---------- Provided records
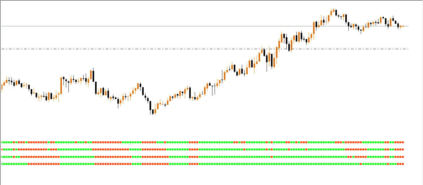 From a technical perspective, the FXDD Indicator helps traders understand market direction and momentum by plotting four rows of color-coded bars. Each row represents a 5-period moving average with slightly different parameters. This multi-layer approach allows traders to cross-check the trend bias and confirm the market’s strength.
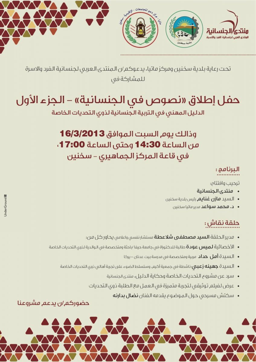 عمل المنتدى خلال السنتين الماضيتين على انتاج دليل مهني لمساعدة التربويين في العمل على مضامين التربية الجنسانية. لقد أنجزنا الجزء الأول من هذا الدليل، وهو متركز بذوي الإعاقات، وقد ارتأينا الإعلان عنه في حفل رسمي، سيكون يوم السبت الموافق 16/3/2013 في قاعة بلدية سخنين. من الجدير بالذكر بأننا تعاونا مع بلدية سخنين ومع مكتب "ماتيا" وسيعممون الدعوة على العديد من المتخصصين في العمل مع ذوي الإعاقات. مرفقة الدعوة الرسمية وأنوه بأن المداخلات ستكون على شكل طاولة حوار سيقوم بها مصطفى شلاعطة، كما وأن نضال بدارنة سيقدم عرضا مسرحيا كوميديا عن الموضوع. أتمنى مشاركتكمن معنا لأن حضوركم سيزيد من زخم الحدث وسيعزز من شرعية أهدافنا ورسالتنا المجتمعية كمنتدى جنسانية.
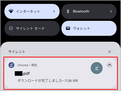 ダウンロードが完了するとスマートフォンの通知欄に表示されますので、通知をタップし内容をご確認ください。
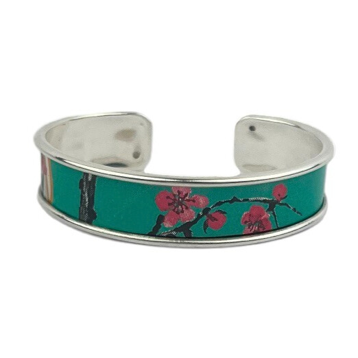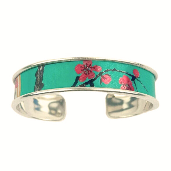 Matières: La manchette fleur de cerisier upcyclée est composée d’une canette collée sur un support en laiton doré à l’or fin 24 carats ou à l’argent pur garantit sans allergènes, le support est fabriqué en Grèce.
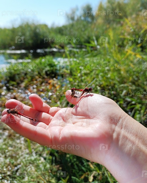 Стрекозы удивительные, впечатляющие спариваются на руке у реки! самец ждет очереди.Одоната
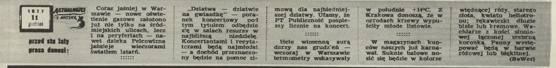 Archiwum / Aktualności z myszką nr 1705 (50/1977) 41/43 Podziel się Tytuł Aktualności z myszką – 11 grudzień 1877 Autor BoWer Rubryka Aktualności z myszką Artykuł z numeru 1705 (50/1977) Data wydania 11 grudnia 1977 Tagi prasa historia
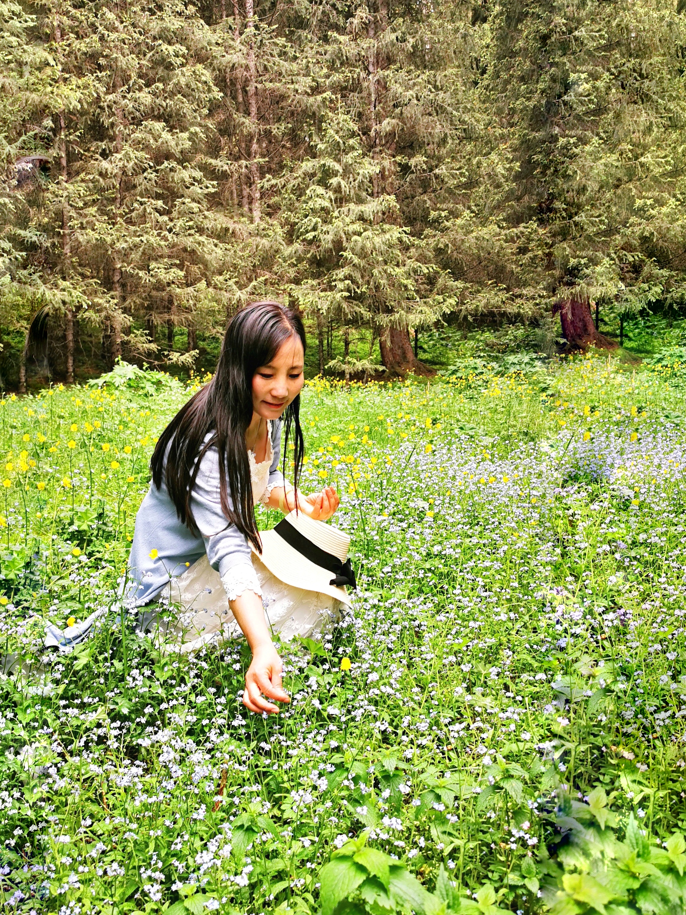 雨帘初敛,阳光便穿过云的罅隙闪射下来,从雪岭云杉林掩映的枝叶间筛落,投下的斑驳光影镀亮了林间那一片片淡蓝与金黄的花海!我惊呼着,张开双臂去拥抱云杉粗直的老干;我哼唱着,踏着凋落的针叶铺成的厚毯手舞足蹈;我微笑着,随手采撷一簇蓝色的勿忘我,别在发间,喃喃道:“我永远也不会忘记你!”
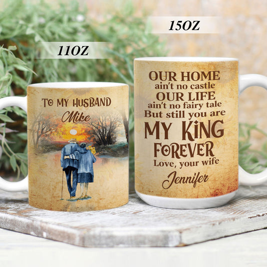 Sweet Personalized White Ceramic Mug For Husband - You Are My King Forever NUHN283
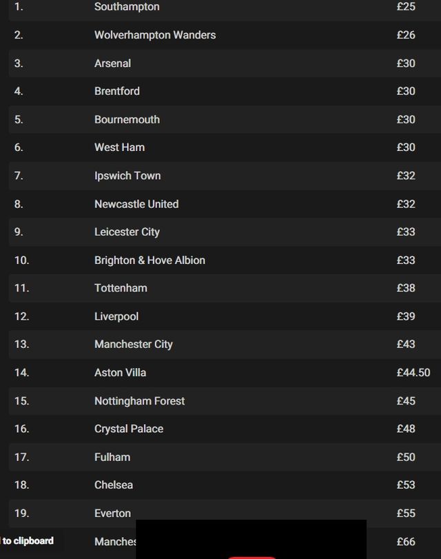 영국 매체 '기브미 스포츠'가 지난 8일(한국시간) 프리미어리그 구단들의 2024-2025시즌 경기 티켓 가격 순위를 매겼다.
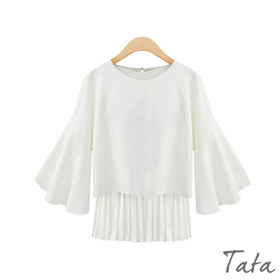 下擺褶皺荷葉邊袖兩件套上衣 TATA商品網址:
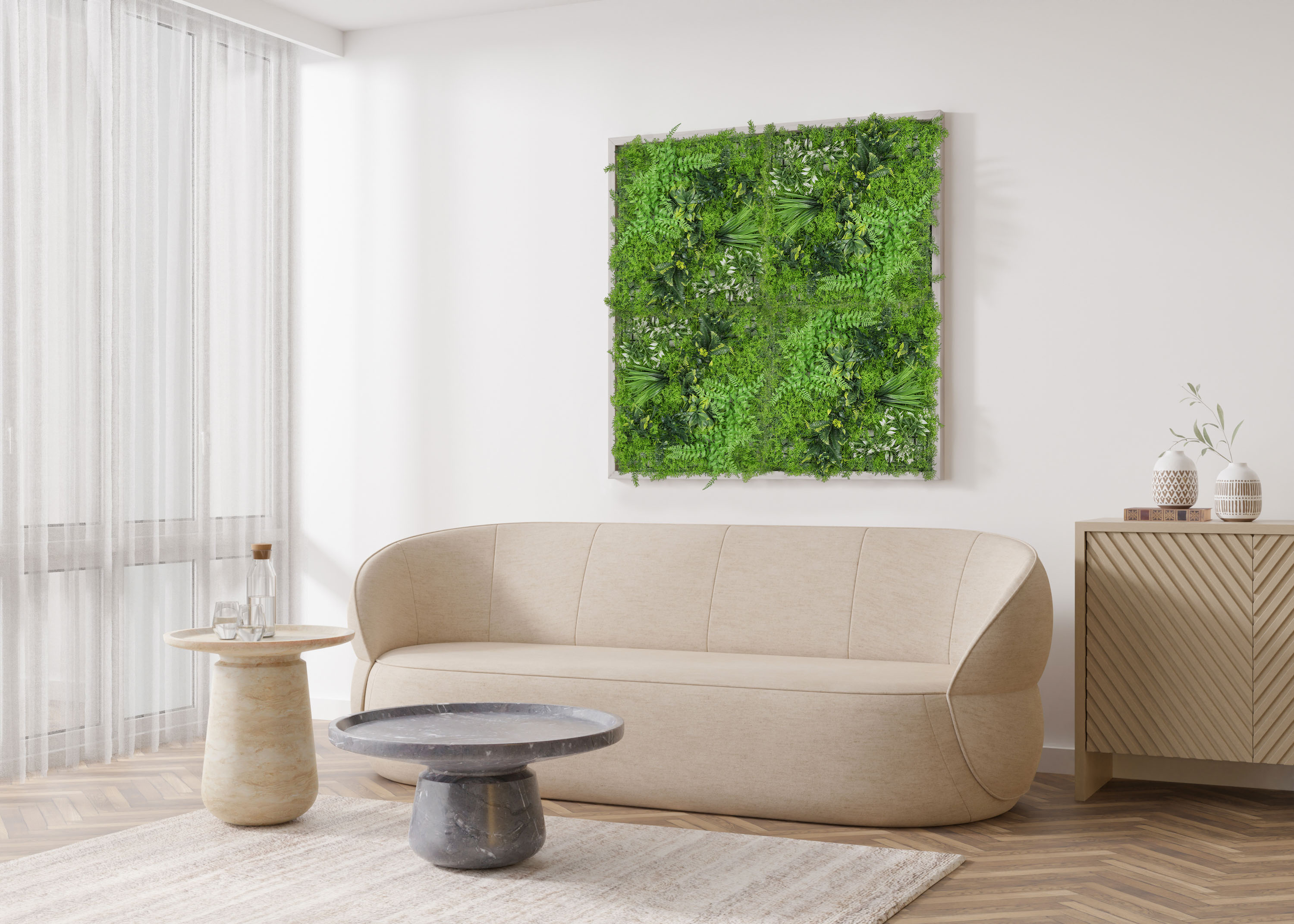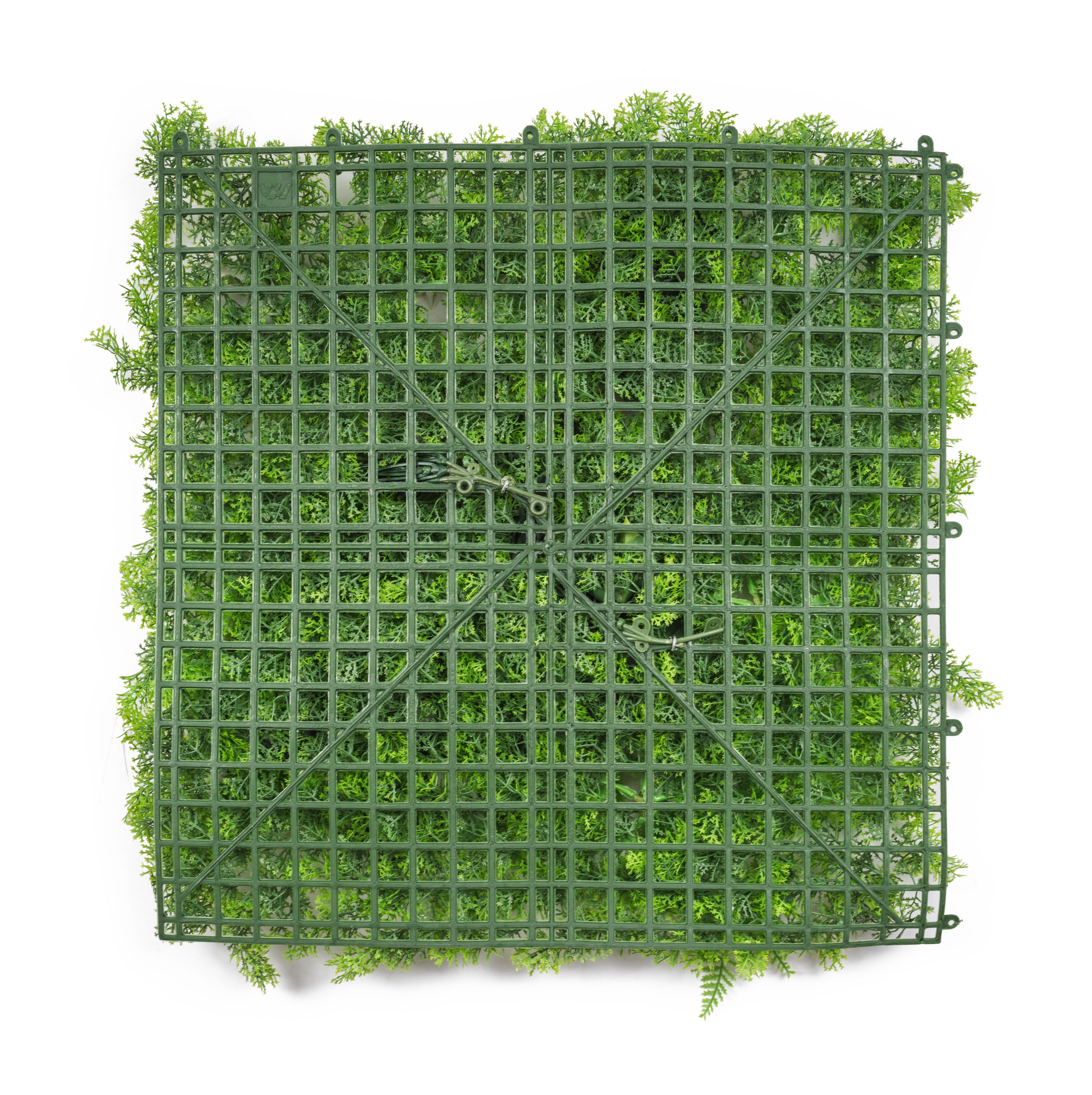 Jeden panel, spousta možností. Použijte jej jako zajímavý interiérový doplněk, vytvořte zelenou stěnu v obýváku, přírodní zákoutí na balkoně, nebo zakryjte starý plot. Panely o rozměrech 50 x 50 cm snadno zkombinujete do větších celků díky modulovému systému rastrů a příchytek na zadní straně každého panelu. Zvládnete to bez vrtání a nářadí, stačí zip páska nebo obyčejné háčky. Ať už panely připevníte na betonovou zeď, dřevěné obložení nebo sádrokarton, výsledek bude vždy perfektní. A co když potřebujete menší rozměr? Pak panel jednoduše zastřihnete a natvarujete podle potřeby.
--------------------
Exercise aim:
Transcribe the entries word for word, without their pictures.

Problem solution:
 From a technical perspective, the FXDD Indicator helps traders understand market direction and momentum by plotting four rows of color-coded bars. Each row represents a 5-period moving average with slightly different parameters. This multi-layer approach allows traders to cross-check the trend bias and confirm the market’s strength.
 عمل المنتدى خلال السنتين الماضيتين على انتاج دليل مهني لمساعدة التربويين في العمل على مضامين التربية الجنسانية. لقد أنجزنا الجزء الأول من هذا الدليل، وهو متركز بذوي الإعاقات، وقد ارتأينا الإعلان عنه في حفل رسمي، سيكون يوم السبت الموافق 16/3/2013 في قاعة بلدية سخنين. من الجدير بالذكر بأننا تعاونا مع بلدية سخنين ومع مكتب "ماتيا" وسيعممون الدعوة على العديد من المتخصصين في العمل مع ذوي الإعاقات. مرفقة الدعوة الرسمية وأنوه بأن المداخلات ستكون على شكل طاولة حوار سيقوم بها مصطفى شلاعطة، كما وأن نضال بدارنة سيقدم عرضا مسرحيا كوميديا عن الموضوع. أتمنى مشاركتكمن معنا لأن حضوركم سيزيد من زخم الحدث وسيعزز من شرعية أهدافنا ورسالتنا المجتمعية كمنتدى جنسانية.
 ダウンロードが完了するとスマートフォンの通知欄に表示されますので、通知をタップし内容をご確認ください。
 Matières: La manchette fleur de cerisier upcyclée est composée d’une canette collée sur un support en laiton doré à l’or fin 24 carats ou à l’argent pur garantit sans allergènes, le support est fabriqué en Grèce.
 Стрекозы удивительные, впечатляющие спариваются на руке у реки! самец ждет очереди.Одоната
 Archiwum / Aktualności z myszką nr 1705 (50/1977) 41/43 Podziel się Tytuł Aktualności z myszką – 11 grudzień 1877 Autor BoWer Rubryka Aktualności z myszką Artykuł z numeru 1705 (50/1977) Data wydania 11 grudnia 1977 Tagi prasa historia
 雨帘初敛,阳光便穿过云的罅隙闪射下来,从雪岭云杉林掩映的枝叶间筛落,投下的斑驳光影镀亮了林间那一片片淡蓝与金黄的花海!我惊呼着,张开双臂去拥抱云杉粗直的老干;我哼唱着,踏着凋落的针叶铺成的厚毯手舞足蹈;我微笑着,随手采撷一簇蓝色的勿忘我,别在发间,喃喃道:“我永远也不会忘记你!”
 Sweet Personalized White Ceramic Mug For Husband - You Are My King Forever NUHN283
 영국 매체 '기브미 스포츠'가 지난 8일(한국시간) 프리미어리그 구단들의 2024-2025시즌 경기 티켓 가격 순위를 매겼다.
 下擺褶皺荷葉邊袖兩件套上衣 TATA商品網址:
 Jeden panel, spousta možností. Použijte jej jako zajímavý interiérový doplněk, vytvořte zelenou stěnu v obýváku, přírodní zákoutí na balkoně, nebo zakryjte starý plot. Panely o rozměrech 50 x 50 cm snadno zkombinujete do větších celků díky modulovému systému rastrů a příchytek na zadní straně každého panelu. Zvládnete to bez vrtání a nářadí, stačí zip páska nebo obyčejné háčky. Ať už panely připevníte na betonovou zeď, dřevěné obložení nebo sádrokarton, výsledek bude vždy perfektní. A co když potřebujete menší rozměr? Pak panel jednoduše zastřihnete a natvarujete podle potřeby.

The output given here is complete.